Someone earlier was thinking that high endpoint-only acceleration would give shorter transit time than 1g continuous acceleration. My own intuition is that any external mechanism (railgun) that is suitably compact will operate briefly, before the ship leaves the mechanism. Continuous acceleration builds up over time and you have the entire voyage to use it. So, there is no way that a gun will get a ship to its destination (or to the half way point, where both craft use the same on-board engine to show down) sooner than the 1g engine.
In terms of on-ship proper time, there is not the same speed limit. From the outside world, two ships traveling at near the speed of light will take the same time to transit. But on board, the one with higher dilation will experience less time during flight. So more is still better, from the passengers' point of view.

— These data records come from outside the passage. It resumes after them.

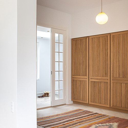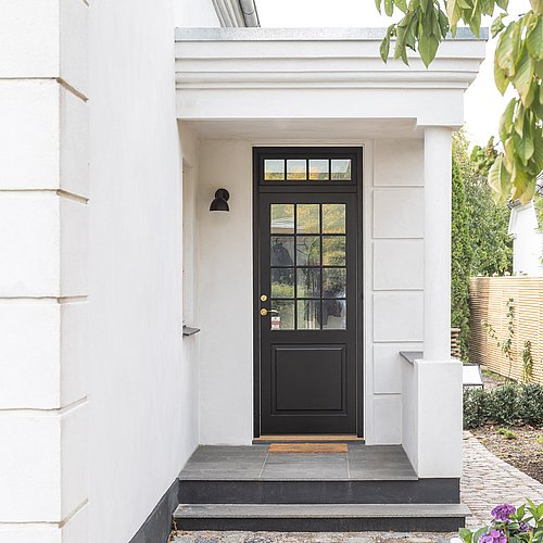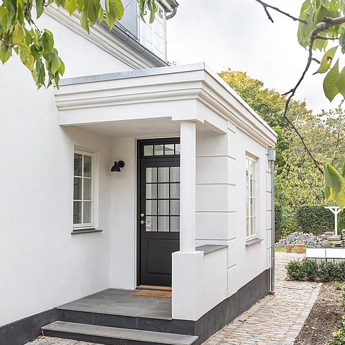 Bygherre ønskede et bedre køkken-alrum til den fine, klassiske patriciervilla, hvor der var god kontakt til den smukke have. Derudover skulle den snævre entré forbedres med mere lys og plads. Projektet blev derfor at lave lave en helt ny entré med ovenlys og indbyggede skabe samt en mere direkte adgang til husets flotte stuer. Den skulle samtidig være præsentabel og byde beboere og gæster velkommen på en smuk måde.
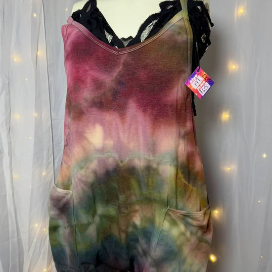 retro romper, boho romper, rainbow romper, earthy rainbow outfit, festival romper, baggy romper, oversized romper, boutique romper, hippie outfit, 70s inspired clothing, rustic rainbow, women’s medium romper, tie dye romper
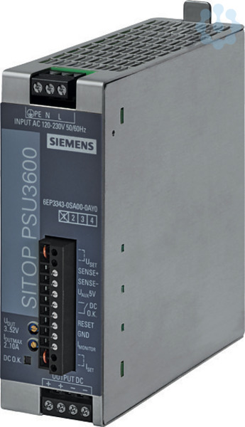 SITOP PSU3600 flexi Geregelte Stromversorgung Eingang: AC 120-230 V Ausgang: DC 3-52 V/10 A, 120 W Die 1-phasige Stromversorgung SITOP PSU3600 flexi verfügt über eine flexibel einstellbare Ausgangsspannung von 3 bis 52 V. Sie wird in allen Anwendungsbereichen eingesetzt, wo eine von 24 V abweichende Sonderspannung benötigt. Nicht nur der konventionelle Einsatz als Stromversorgung ist denkbar. Die Möglichkeit, die Ausgangsspannung auch dynamisch während des Betriebs verändern zu können, z.B. zur Drehzahlsteuerung von DC-Motroren/Lüftern oder zur Spannungsanpassung in Prüfständen, sowie zahlreiche Sonderfunktionen wie Sense-Leitung und Strommonitor eröffnen ein breites Feld an Einsatzmöglichkeiten. Egal welche Branche, egal welche Anforderung ? Siemens bietet zuverlässige und effiziente Stromversorgungen für jede Anlage.

The advantage of something like a slingshot or external flinger of any kind is that you leave the engine behind and don't have to carry all that weight and fuel, and you can use conservation of round-trip counter momentum to reduce the actual energy needed. So even if you could build 1g craft, that would be the luxury passenger liner, while Walmart cargo would use the rotating tether for raw materials in one direction and finished goods in the other.